Rf interpretation help

So, I don’t know if the forum is the best way to go for this, but for the class notes of rf_interpretation from partial dependence on, I am completely lost.

Does anyone have annotated notes or general ideas on what is going on in each section (partial dependence, tree interpreter, extrapolation)? Mainly I do not know whats being interpreted or concluded from the given tables and graphs…

Thank you!

1 Like

Maybe start by watching the video of that section, and try to slowly step through lining up what I said in the lesson with what you see in the notebook.

Then, if there’s a specific point where you’re unclear on something, let us know in as much detail as you can what your understanding is as to what’s happening there, and what is unclear.

(For someone to try to summarize every section of the notebook is a big ask - it would be amazing if someone does it, but in the meantime we may need to tackle things one piece at a time :slight_smile: ).

Okay so I’ve gone back and looked over Tree Interpretation and Extrapolation. I guess I really want to work on getting the general concept behind why or when we do these things.

For tree interpretation:
Is the purpose to be able to explain where a particular prediction comes from? Or is it giving us more than that?

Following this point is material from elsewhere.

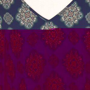Ann Taylor Womens Medium Blouse Navy Blue Batik Print Long Sleeve V Neck Office
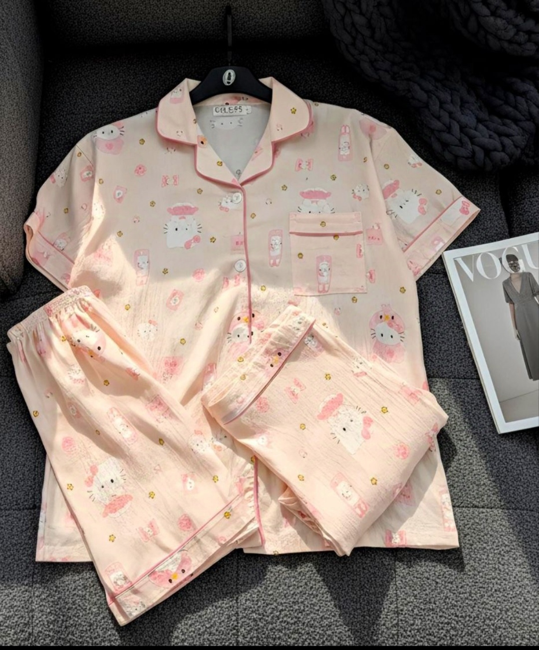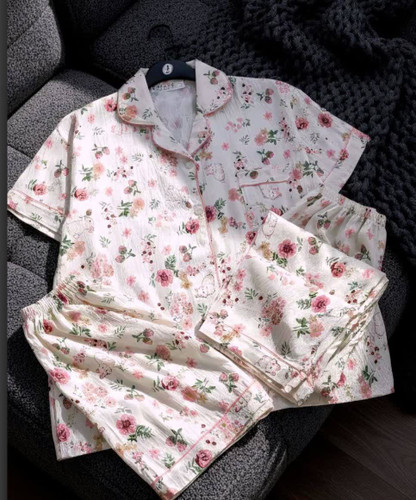 ناموجودست سه تیکه لباس راحتی زنانه وارداتی فری سایز تا 44 طرح کیتی صورتی

I still cant answer how it works. How is the contribution calculated? Per row? Per tree?

Extrapolation:
My understanding is that we want to avoid using time variables as predictors if we can use something else that is stronger in order to make a model that generalizes better. Is this correct?
When should this be something we consider doing?
Is extrapolation only relevant for datasets where time plays a big component or are there other situations where this could be useful?

Sorry for the overload of questions. I’d be happy to split them up if thats easier.

My understanding of tree interpretation is:
It allows you to look inside your rf model to know how much each feature is contributing towards the prediction for it to be different from the bias(initial mean). i.e. it adds explanatory power to a particular prediction.
Here is a set of examples that calculates contribution for single row as well as two datasets using tree interpreter.

1 Like

Yes exactly! An example I mentioned in class was: what if your model was for insurance pricing, and a customer asked why their price was higher than they expected.

Everything with a random forest must be done per tree. And there’s only one row in our example. Have a look at these articles and see if they help:

edit: just noticed @arpita already linked to one of them :slight_smile:

1 Like

Yes this is a subtle issue, but the problem is that a tree can only make predictions based on previous observations being “similar” to the row you wish to predict. I think we should discuss this more in class - I’ll do so on Tuesday.

Appreciate the questions! :smiley:

I also have a similar question about the partial dependence section. It says in the notes that it is easier to do after one-hot encoding, but I am uncertain what the purpose of these plots and such are used for. In the case of Redundant Features we dropped Year Made, but in the Partial dependency section we just look to see how exactly the variables are related. Are we doing this specifically for Interpretation or is this used for creating better models as well?

Is the purpose of this to show us that there can be alot of hidden aspects within features and there are many ways to deal with them(ie. either drop or create a new column that includes two related features)??

The two things that you most need to know about a dataset are probably:

  1. What drives the dependent variable (i.e. the thing you’re interested in - in this case, price)
  2. How are those drivers related to the dependent variable (i.e. how would changes in those variables impact price).

For (1), we do feature importance. For (2) we do partial dependence. (2) is nearly entirely for interpretation, rather than improving predictive accuracy.

Does that answer your question, @dsavage ?

(PS: you may want to set your name in your profile, so I know who you are :slight_smile: )

1 Like

Yes, this helps alot! Thanks.

I have another question on the partial dependence interpretation. This plot is showing how much the prediction is affected by both YearMade and saleElapsed. Is this plot also used to explain the interaction between the two features? Is there a better interpretation of this plot? Thanks!

Yes, it shows how the two features together drive YearMade.